1954 darbesinden sonra uzun zaman İhvan kendisini toparlayamaımştı. Hatta İmam Hudaybi tüm ümidini yitirmişti. Çünkü İhvan teşkilatı tamamen fesh edilmiş, onbinlerce mensubu zindanlarda çürütülmüştü. Aynı yıl Seyyid Kutub da tevkif edilmiş ve onbeş yıl ağır hapse mahkum edilmişti. Üstad Kutup, zindanlarda dahi Benna'nın aktivitesini akidevi ve fikri bir temele oturtmak için bir çok eserler kaleme almıştır. Bu temelin, 'İslami değerler’ ile 'cahili değerler'in birbirlerinden ayrılmasıyla başladığını defalarca üzerine basa basa söylemiştir. Kral Cemal’ın zindanlarında yazdığı 'Yoldaki İşaretler' adlı kitab, İslam'ın unutulmuş kavramlarını asli kimliğine oturtup, İslam ve cahiliyenin bütün sıfatlarını ortaya dö­kerek tanıtma fırsatını kolaylaştırmıştır.
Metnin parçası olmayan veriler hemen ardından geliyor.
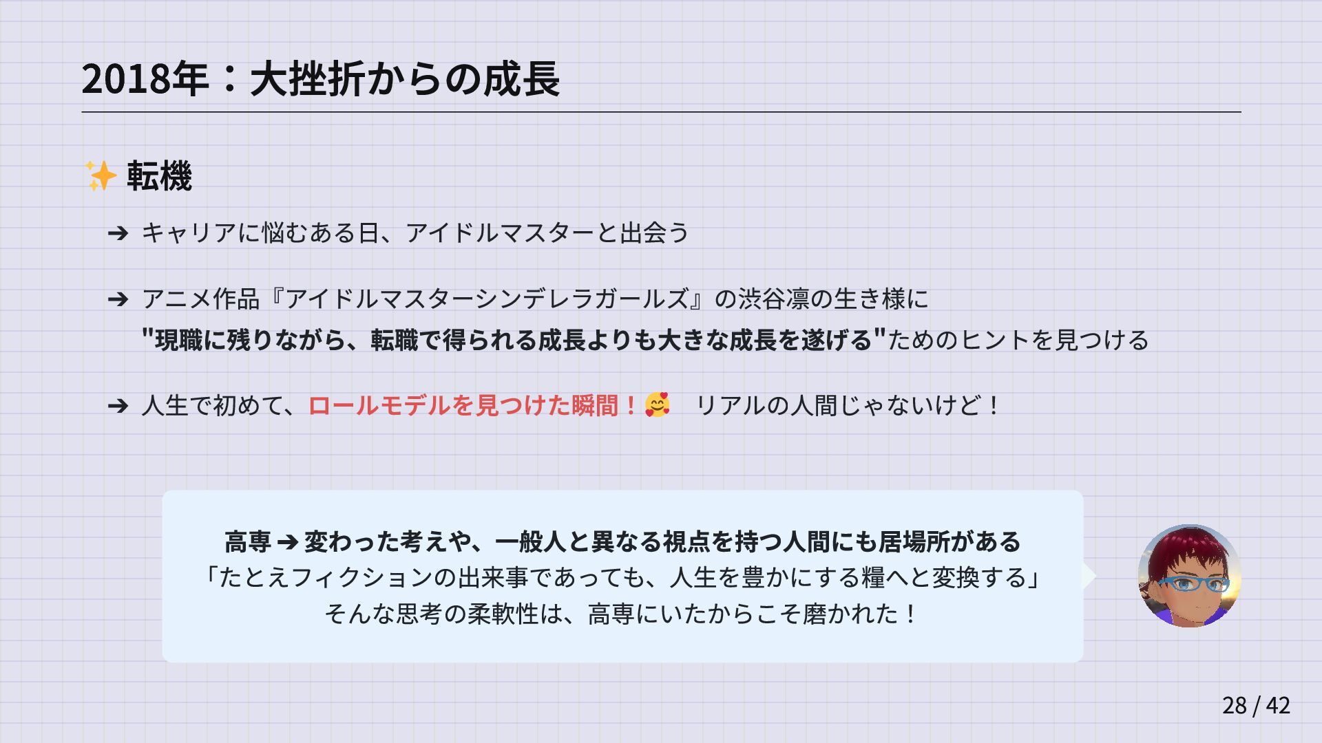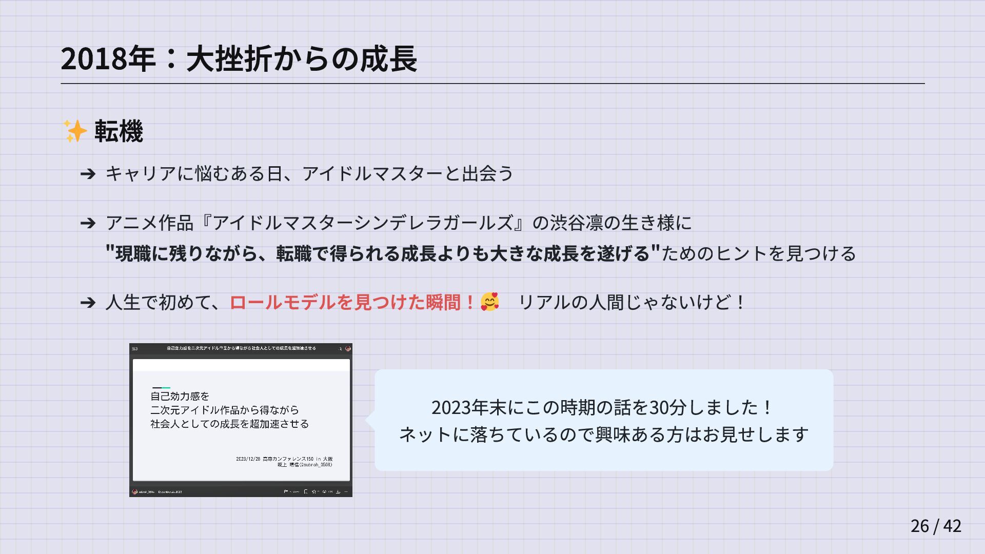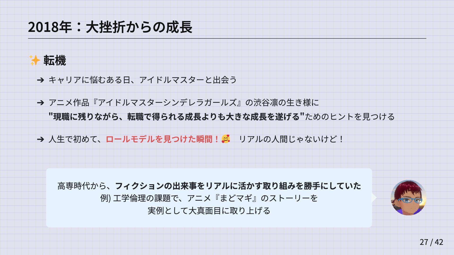 2018年:大挫折からの成長 ️ 転機 ➔ キャリアに悩むある日、アイドルマスターと出会う ➔ アニメ作品『アイドルマスターシンデレラガールズ』の渋谷凛の生き様に "現職に残りながら、転職で得られる成長よりも大きな成長を遂げる"ためのヒントを見つける ➔ 人生で初めて、ロールモデルを見つけた瞬間!

İhvan mensupları on yılı aşkın bir suskunluk devresi geçirdiler. 1938 Filistin doğumlu Salih Seriye bu suskun­luğa razı olmamış ve hemen İhvan'ın eski liderleriyle ye­niden ne yapılması konusunda temasa geçmiştir. Onlar­dan olumlu netice alamayınca, işin başına kaldığını farketmiş ve hemen hareketi genç subaylardan teşekkül et­mişti. Bundan önce de Zeynep Gazali (Mekke'de) Abdülfettah ile İhvan hareketini yeniden diriltmek için araların­da karar alarak harekete geçmişlerdi.

1965 yıllarına gelindiğinde, İhvan tekrar güçlenip ha­rekete geçince despot yöneticiler tarafından mevcut düze­ni devirmek suçundan Seyyid Kutub'un yazdığı 'Yoldaki İşaretler' adlı kitap her tarafta toplatıldı ve akabinde kırkbin müslüman daha zindanlara atıldı. Zindana atılan bu insanlar aleyhine öylesine bir kamuoyu oluşturuldu ki, gerçekten bunların terör olaylarına karıştığı yaygarası ile halkın zihninde İslami harekete karşı nefret uyandırmak amaçlanıyordu. Nihayet 1966'da hareketin öncülerinden üstad Kutup ile arkadaşları savunmasız bir şekilde idam edildiler. Diğer yandan Kutub'un kardeşleri Muhammed, Emine ve Hamide Kutuplar da hapse atılarak işkenceye tabi tutulanlar arasına alındılar.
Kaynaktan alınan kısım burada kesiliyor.